The guild had argued that its decision to fire Karstetter was protected under Rule 1.16 of Washington’s Rules of Professional Conduct, which provides that a lawyer shall not represent a client if the lawyer is discharged.

Comment 4 to the ethics rule states: “A client has a right to discharge a lawyer at any time, with or without cause, subject to liability for payment for the lawyer’s services.” Comments to the rules provide guidance but don’t add obligations, according to the preamble to the rules.

The Washington Supreme Court noted the rule and the comment. The rule simply states that clients may fire their attorneys and doesn’t recognize or discuss the unique circumstances surrounding in-house lawyers, the court said.

House Rules

In-house lawyers have increasingly complex duties that include advisory and compliance roles, as well as a role in promoting business success. Unlike a private practice lawyer who enjoys some professional and economic distance from a client, “Karstetter’s professional existence was intricately linked to the guild,” the court said.

The court said a “rigid application” of the ethics rule ignores those distinctions and overlooks the fact that the ethics rules were written when few lawyers worked outside a traditional law firm practice.

“Despite numerous amendments over the years, our rules have not evolved with the profession,” the court said. “They are still fundamentally Influenced by ‘traditional’ notions of lawyer-client relationships.”

The court said it was joining other states whose rule interpretations better fit the modern legal world. The court cited cases from California, Montana, Massachusetts and New Jersey.

The dissenters agreed with the guild. There has never been a carveout to the ethics rule for any subset of lawyers, and “pronouncement via judicial opinion is not the preferred method for amending” ethics rules, the dissenters argued.

Deviations from the Norm

The Washington ethics rule at issue, along with the rule comment, track the language of Model Rule 1.16 of the ABA Model Rules of Professional Conduct, according to Dennis A. Rendleman, lead senior ethics counsel at the ABA’s Center for Professional Responsibility.

Rendleman says ABA Model Rule 1.16 doesn’t clearly address the difference between private and in-house practice.
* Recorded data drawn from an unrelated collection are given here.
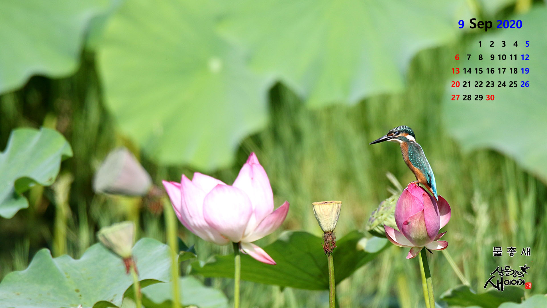 2020년 8월중 촬영한 새사진으로 만든 2020년 9월, PC바탕화면 달력(1920*1080)입니다.
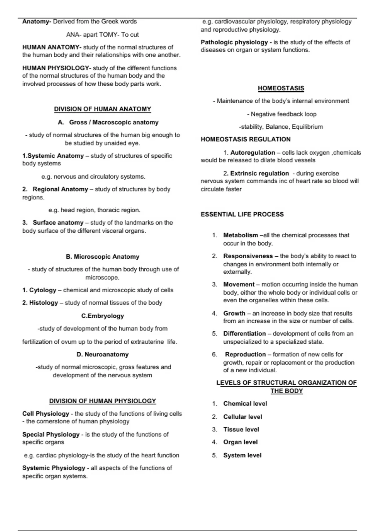 1.Systemic Anatomy – study of structures of specific 1. Autoregulation – cells lack oxygen ,chemicals
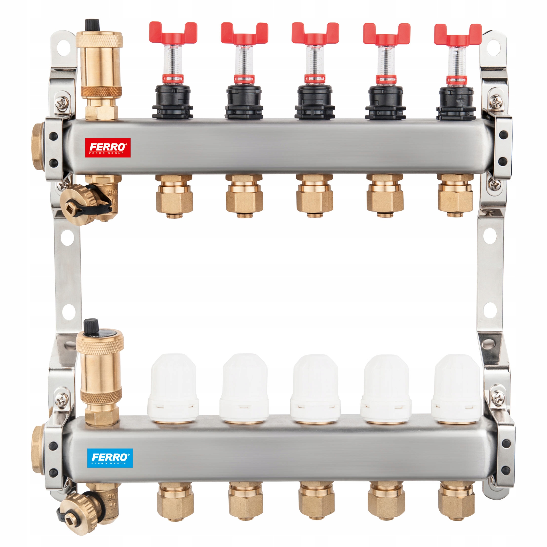 Розподільник складається з дві балки з внутрішнім діаметром 1", виготовлені з нержавіючої сталі AISI 304, що забезпечує їм максимальну стійкість до корозії і тим самим гарантує тривалу безвідмовну роботу пристрою. Додатковим елементом довговічності пристроїв є спеціальні рукоятки з гумовою ізоляцією, які гасять вібрацію і шум Ручки надають конструкції жорсткості і в той же час зберігають постійну відстань між балками Призначені для роботи в радіаторних установках, змішаних установках або для установки в поверхневе опалення - вони ідеально функціонує як з’єднувач елементів системи опалення, одночасно оптимізуючи роботу монтажника.

It’s not just an issue for fired in-house lawyers, he says.

In many places, the logic of the model rules applies to the traditional lawyer-client relationship in which the lawyer works for a private law firm. “When lawyers practice in different structures than traditional private practice, then you get into different issues that aren’t fully addressed in the rules,” Rendleman says.

Before the Washington Supreme Court case, litigation about the ability of in-house counsels to sue over firings usually happened in the context of retaliatory discharge cases, Rendleman says. That was the claim in a 1991 Illinois Supreme Court case that took a contrary position to the cases cited by the Washington Supreme Court from California, Montana, Massachusetts and New Jersey.

The 1991 Illinois decision, Balla v. Gambro, was a whistleblowing case in which the lawyer was both in-house counsel and oversaw regulatory obligations. The lawyer had been fired after opposing his company’s planned sale of kidney dialysis equipment that might harm some patients. The lawyer, who later reported the issue to the Food and Drug Administration, claimed that he had been fired in violation of public policy and sued for retaliatory discharge.

The Illinois Supreme Court held that the in-house counsel could not sue for retaliatory discharge. The Illinois court reasoned that allowing lawyers to sue for retaliatory discharge could lead employers to limit communications with their in-house counsels.

In any event, the Illinois court said, lawyers have an ethical duty to reveal employer information that would cause death or great bodily harm, so the public is adequately safeguarded without extending the tort of retaliatory discharge to in-house counsels.